Dairy imports grew consistently over the period. Milk and cream imports rose from 8,936 MT (Nu. 801 million) in 2020 to 13,237 MT (Nu. 1.05 billion) in 2024. Cheese and curd imports also climbed steadily.
Imports of animal and vegetable fats nearly tripled — from 1,514 MT in 2020 (Nu. 130 million) to 4,138 MT in 2024 (Nu. 462 million). The report describes this as one of the fastest-growing categories, reflecting “rising consumption of processed oils and fats.”
Wheat flour imports remained relatively stable in quantity but rose in value, suggesting higher import prices over time.
Similarly, fish imports grew from 1,899 MT in 2020 to 2,710 MT in 2024, with value increasing by nearly 50 percent.

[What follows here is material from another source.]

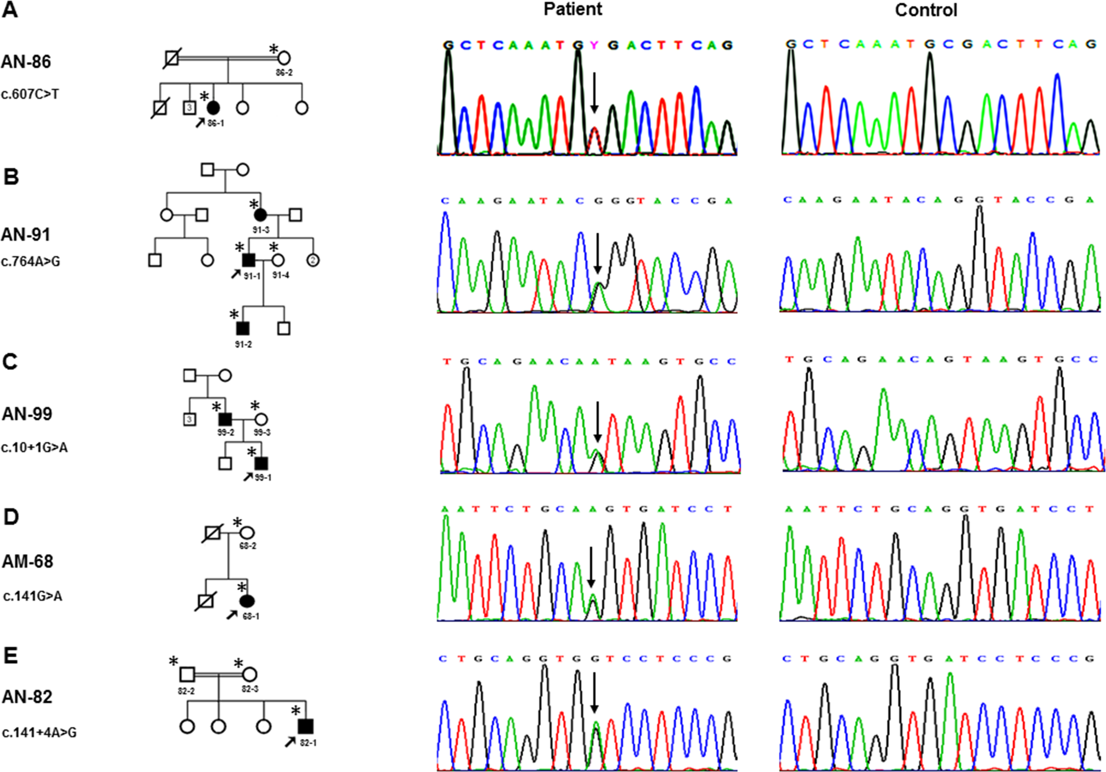 Figure 3. Single base substitution mutations detected in PAX6. One known (c.607C>T) and four novel (c.764A>G, c.10+1G>A, c.141G>A, and c.141+4A>G) point mutations were found in five unrelated

While meat imports remain high, both bovine and poultry imports showed volatility. Bovine meat peaked at 2,007 MT (Nu. 415 million) in 2023 before falling sharply to 1,296 MT (Nu. 362 million) in 2024.
Frozen chicken imports followed a similar pattern, declining from 2,286 MT in 2022 (Nu. 388 million) to 1,784 MT in 2024 (Nu. 293 million).
Vegetable imports also fluctuated. Onions and shallots peaked at 6,330 MT in 2022, before dropping to 4,496 MT in 2024, while lentil imports declined steadily from 3,008 MT in 2021 to 2,128 MT in 2024.
The DAMC report highlights several important takeaways. Bhutan’s import basket remains heavily concentrated in cereals, dairy, and oils. India continues to supply more than 90 percent of the country’s total agricultural imports.
Bhutan’s 13th Five Year Plan aims to double agricultural exports from Nu. 3 billion to Nu. 6 billion by 2029, aligning with the broader goal of reducing dependency on imports.
The DAMC report provides data-driven insights to guide such efforts, emphasizing the need for “enhanced domestic production capacity, better market linkages, and improved logistics.”
While Bhutan’s reliance on Indian imports continues to meet its immediate consumption needs, the report cautions that without policy interventions and investment in local agriculture, “growing dependence on imported value-added goods may undermine food sovereignty.”